Im Mai vergangenen Jahres schloss sie nach vier Jahren Ausbildung in Belgien darüber hinaus ihre Ausbildung als Feintäschnerin ab. Inzwischen hat sie diese beiden neuen Hobbys zu ihrem Beruf gemacht und will diese Fertigkeiten nun an die Menschen in der Region weitergeben. Bereits seit einem Jahr bietet Gabriele Bröcher Kurse für Betonplastiken in der Volkshochschule an, arbeitet mit Kindern in der Heinsberger Realschule und hat auch schon im Begas Haus in Workshops mit Kindern gearbeitet.

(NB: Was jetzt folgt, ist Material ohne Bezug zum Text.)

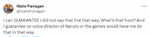 更糟糕的是,似乎连《火影忍者:终极风暴羁绊》配音演员本尊都对最终产品不满意,英语配音演员Maile Flanagan在回应他与佐助对战的片段时说:“我可以保证,那句话不是我说的。这种声音是怎么发出来的?我保证游戏的配音导演不会让我以那种方式配音。”
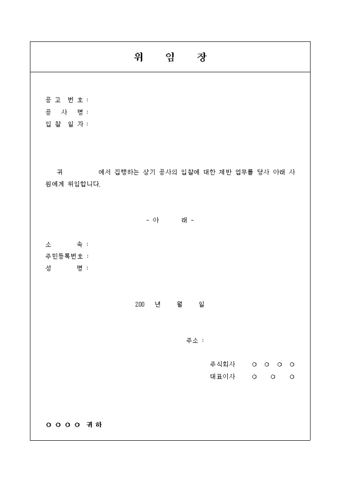 9,000원/월귀 회사에서 집행하는 상기 공사의 입찰에 대한 제반 업무를 당사 아래 사원에게 위임하는 위임장(입찰등록) 양식입니다.
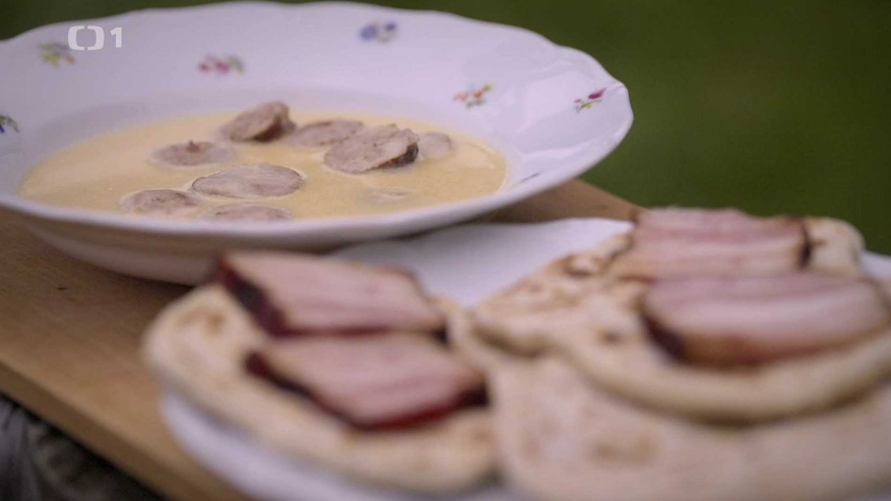 Klobásky nakrájíme na kolečka a uvaříme ve vodě. Mezitím si připravíme jíšku - na sádle upražíme mouku do růžova, zalijeme studenou vodou a povaříme. Až bude jíška hotová, přilijeme do ní postupně uvařené klobásky s vodou a necháme vařit. Nakonec přidáme smetanu. Dosolíme podle chuti.
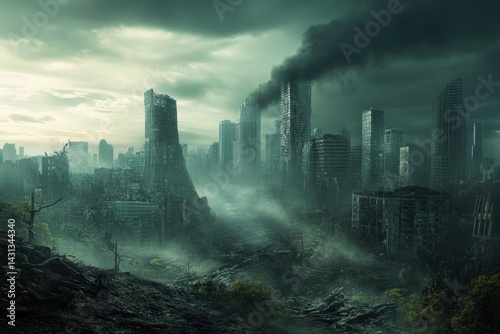 Post-apocalyptic cityscape with ruined skyscrapers under stormy sky
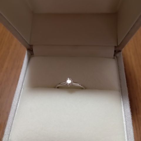 ソリティアとメレで悩んでいて、その両方の良いとこどりのデザインだったため決めました。つけ心地が良く、立て爪タイプでも高さが低めで引っかかりにくい点も魅力的でした。上品ですが可愛らしさもあり、とても気に入っています。
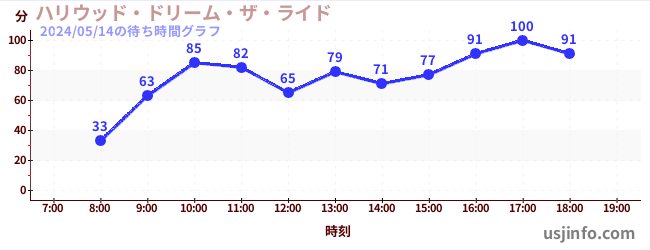 • ハリウッド・ドリーム・ザ・ライド$B$N(B2024年05月14日の待ち時間
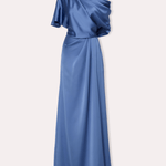 Akıcı drapeleri ve yere kadar uzanan tasarımıyla dikkat çeken, tek omuz saten bir elbise. Lüks kumaşı ve zarif siluetiyle resmi davetlerde sofistike bir görünüm sunar.
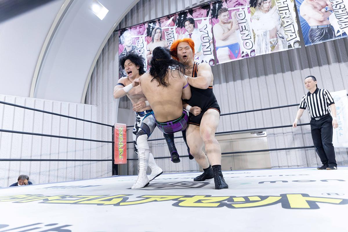 また、かつてKO-Dタッグ王座に君臨した上野勇希&吉村直巳のノーチラスが2020年10・25後楽園以来、5年半ぶりに一夜限定で復活し、正田壮史&高鹿佑也と対戦。吉村が高鹿に払腰、上野がフロッグスプラッシュ。さらに上野がスタンド式シャイニング・ウィザードもカット。高鹿がエルボードロップを狙うも、上野が丸め込んで3カウント。元ノーチラスが勝ちどきを挙げた。

Als Sozialpädagogin falle es ihr leicht, ihre Fertigkeiten auch anderen Menschen zu vermitteln, sagt sie. „Wenn Menschen übers Machen und Tun zusammenkommen und mit ihrer Figur dann glücklich nach Hause gehen, dann habe ich doch mein Ziel erreicht.“ Dass ihre Thematik im Bereich Betonplastik sehr figürlich ist, wird bei einem Rundumblick im neuen Atelier sehr deutlich. Von den kleinen Engeln, die nett beieinander im Regal sitzen bis zur selbst stehenden, kindsgroßen, rundlichen Dame mit Perlenkette reicht die Palette der Möglichkeiten. Der Kern kleiner Figuren werde zuerst aus Alufolie geformt, erklärt die Künstlerin dazu. „Die großen haben ein Innenleben aus Styropor, das vorab modelliert wird.“

Auch die Kurse der Volkshochschule, die bisher in der dortigen Lehrküche stattfinden, will Gabriele Bröcher künftig in ihre eigene Werkstatt nach Wassenberg holen. „Zum einen habe ich alles hier“, erklärt sie und zeigt dabei unter anderem auf die beiden großen Ledermaschinen, die für die Herstellung extravaganter Taschen gebraucht werden. Zum anderen könne in der eigenen Werkstatt auch einfach einmal etwas halb fertig stehenbleiben, freut sie sich. Die Gäste sollen ihrer Kreativität in ihrem Atelier freien Lauf lassen können – sobald sie sich auf dem Gästebuch-Tisch eingetragen haben, versteht sich.

Dem Material seien keine Grenzen gesetzt, sagt sie, und der Nutzung der künftigen Tasche, die auch bestickt werden kann, natürlich auch nicht. So zeigt ihr Regal mit Mustertaschen, dem Regal mit den kleinen Engeln gleich gegenüber, neben Handtaschen auch Ideen für Kulturtaschen, Taschentuch-Boxen und vieles andere mehr. Für Taschen kommen bei der überaus kreativen Künstlerin auch schon einmal Teppichboden oder Türgriffe für Einbauküchen zum Einsatz.

„Das hätte ich früher so auch gerne gehabt“, schwärmt sie – ein Ambiente mit fertigen Ideengebern, die der eigenen Kreativität freien Lauf geben können. „Jeder soll hier frei sein in dem, was er für sich erschaffen möchte, soll Lust und vor allem Spaß haben, hier Zeit zu verbringen“, betont sie.